4) Migrating systems to windows 7 - some win7 machines have been effected again after migration
5) Fresh image of windows 7 on new machines - some have been effected.
6) Scanning effected machines with a plethora of spyware and malware detection softwares. - Nothing found.
7) Running winsock fix - solves the problem but it can return minutes to weeks later. In one case before the tech had left the office.
8) Migrated Filesharing, printing, DNS and DHCP - Not done because of this issue, but because we have migrated from novell to Microsoft AD during the time we have had this issue.
9) Locked down firewall - Again, not done because of this issue, but because we had a IT audit.
10) Removed websense from our network - College changed policy to not do content filtering on students.


Things of note:

1) My virtual desktops have never had this issue. They are on the same vlans as the physical machines with this issue.
2) None of the other vlans have had this issue.
3) As far as we can tell, when this happens on windows 7, there is no way to fix it short of a re-image.
 

sourceninja

Diamond Member
Mar 8, 2005
8,805
65
91
We have not yet found a solution. We do not have ipv6 enabled, and have not had the problem show up in the last week or so.
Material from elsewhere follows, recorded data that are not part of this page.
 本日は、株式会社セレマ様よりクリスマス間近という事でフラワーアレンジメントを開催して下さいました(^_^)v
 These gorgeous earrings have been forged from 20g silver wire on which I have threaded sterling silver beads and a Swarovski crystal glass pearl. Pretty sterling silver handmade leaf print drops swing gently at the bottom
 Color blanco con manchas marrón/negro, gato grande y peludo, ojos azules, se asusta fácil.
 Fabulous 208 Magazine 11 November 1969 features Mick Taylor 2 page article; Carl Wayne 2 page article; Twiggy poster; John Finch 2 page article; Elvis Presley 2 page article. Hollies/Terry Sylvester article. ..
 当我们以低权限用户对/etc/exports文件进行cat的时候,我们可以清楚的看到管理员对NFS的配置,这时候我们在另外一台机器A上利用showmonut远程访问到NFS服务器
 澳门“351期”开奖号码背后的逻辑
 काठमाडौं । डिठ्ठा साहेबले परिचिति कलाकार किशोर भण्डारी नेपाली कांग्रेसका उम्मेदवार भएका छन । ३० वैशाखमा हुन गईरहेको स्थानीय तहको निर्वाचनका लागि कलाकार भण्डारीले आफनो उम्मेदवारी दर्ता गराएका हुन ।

I'm waiting for it to pop up again so I can keep hunting for a solution.

It comes and goes sometimes everyday, sometimes a week or two with nothing.
 

reiver

Junior Member
Jan 12, 2012
2
0
0
I am having the same type of problem... I have done allot of the same as you and I replaced my main switches. Have you found anything else or did the problem go away? I have been wondering if it was hardware on the network causing it...

Clearing the winsock on your windows 7 computers does not fix it?
 

reiver

Junior Member
Jan 12, 2012
2
0
0
I think the issue was a broadcast storm, not sure yet as we have not waited long enough to tell for certain. Basically we have one main switch and then allot of 5 port switches (old building, owner won't re-wire) in each office as there is more then one computer in each office. So the design of the network made it a breeding ground for broadcasts, when we discovered the true root of the problem was the DHCP server.
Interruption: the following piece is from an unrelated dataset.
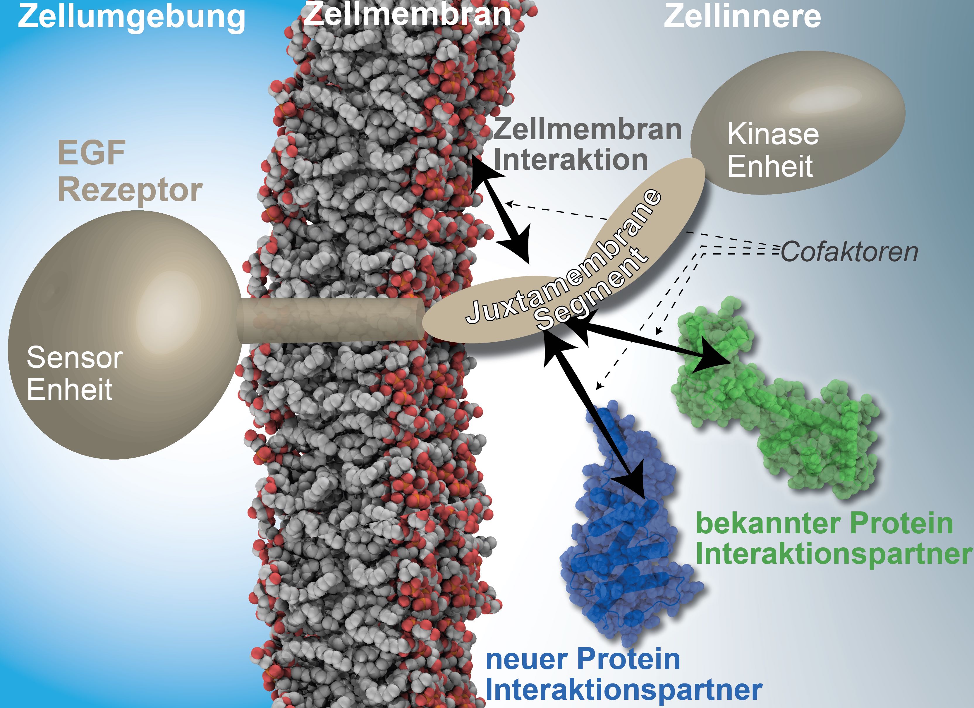 Das Zellwachstum wird unter anderem durch Proteine in der Zellmembran gesteuert. Sogenannte EGF-Rezeptoren (EGF steht für Epidermal Growth Factor) bilden dabei eine zentrale Schnittstelle zwischen der Zelle und ihrer Umgebung. Deshalb sind Störungen in diesem System eine häufige Ursache für Krebserkrankungen, bei denen es zu einem fehlerhaft kontrollierten Zellwachstum kommt.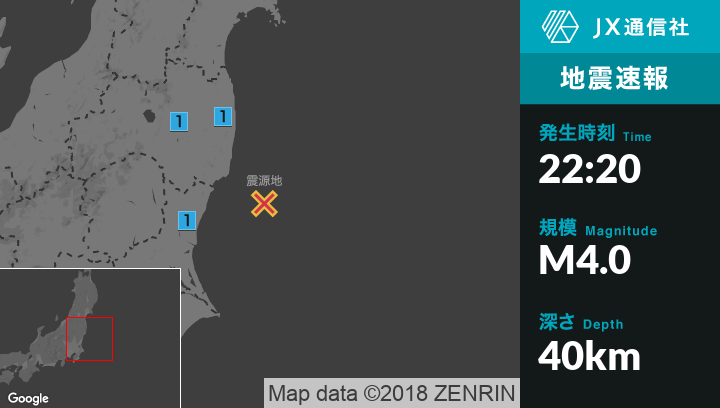| 震度1 | 田村市, 天栄村, 川内村, 大熊町, 水戸市, 日立市, 常陸太田市, 笠間市, 常陸大宮市, 東海村 |

The DHCP server was set to hand out addresses every 5 minutes instead of the default 8 days! So, in this network with all the additional switches and all the devices constantly asking for an address it was just creating a traffic jam. The DHCP server is now set to 8 days, so we shall see if the problem is resolved now. Will post back if that was the solution, it may be a different root cause for others, but the problem of a network traffic jam may be the same.

In my case, I could find no reason why some computers were affected and not others, so that made troubleshooting difficult.
 
Last edited: